Surat edaran tersebut muncul setelah Kominfo kalah dalam persidangan melawan Asosiasi Televisi Jaringan Indonesia (ATVJI) di Pengadilan Tata Usaha Negara (PTUN). Dalam sidang tersebut, ATVJI menggugat Peraturan Menteri Kominfo Nomor 32 Tahun 2013 Tentang Penyelenggaraan Penyiaran Televisi Secara Digital dan Penyiaran Multipleksi Melalui Sistem Terestrial. ATVJI menilai Permen tersebut melanggar Undang-Undang Nomor 32 Tahun 2002 tentang Penyiaran.
Menurut Kalamullah Ramli, Direktur Jenderal Pos dan Penyelenggaraan Informatika Kominfo, ada lebih dari 100 TV digital yang izinnya dibekukan saat ini. "Mereka saat ini tidak bisa beroperasi dan sudah pasti rugi karena sudah berinvestasi tapi tidak bisa siaran," kata Kalamullah kepada KONTAN di komplek DPR, Kamis (28/1).
Selain menyia-nyiakan dana investasi, pebisnis televisi digital masih wajib membayar Biaya Hak Penggunaan (BPH) Frekuensi Radio kepada Kominfo setiap tahun. Sudah begitu, apabila ada televisi digital tersebut yang beroperasi, pemerintah bakal memberikan sanksi.
Salah satu yang bisa menghidupkan televisi digital adalah jika Mahkamah Agung mengabulkan kasasi mereka. Pilihan lain, menunggu revisi Undang-Undang Penyiaran Baru pada semester satu tahun ini.
Menurut Menteri Kominfo Rudiantara, pemerintah saat ini masih menunggu hasil kasasi terlebih dahulu. Ia membenarkan bila pebisnis televisi digital sudah membayar iuran frekuensi meski tidak besar. "Kami tunggu hasil pengadilan di Mahkamah Agung dulu," kata Rudiantara.
Ketua ATVJI Bambang Santoso menyebut pihaknya terpaksa menggugat pemerintah karena Permen 32/2013 dinilai merugikan pemilik stasiun televisi eksisting.
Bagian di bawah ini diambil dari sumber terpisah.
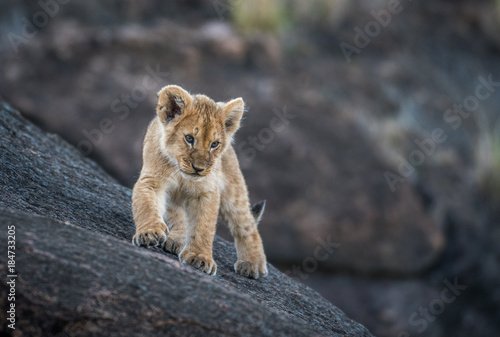© Tony Campbell, Obraz premium Lwiątko na skale

Misalnya, perusahaan televisi digital ini sudah mengeluarkan dana investasi untuk mengembangkan bisnis tersebut. Hal lain adalah sudah membayar iuran frekuensi. Sayang, Bambang tidak merinci besaran iuran frekuensi tersebut. "Seharusnya kami dapat ganti rugi setelah kembalikan frekuensi," katanya.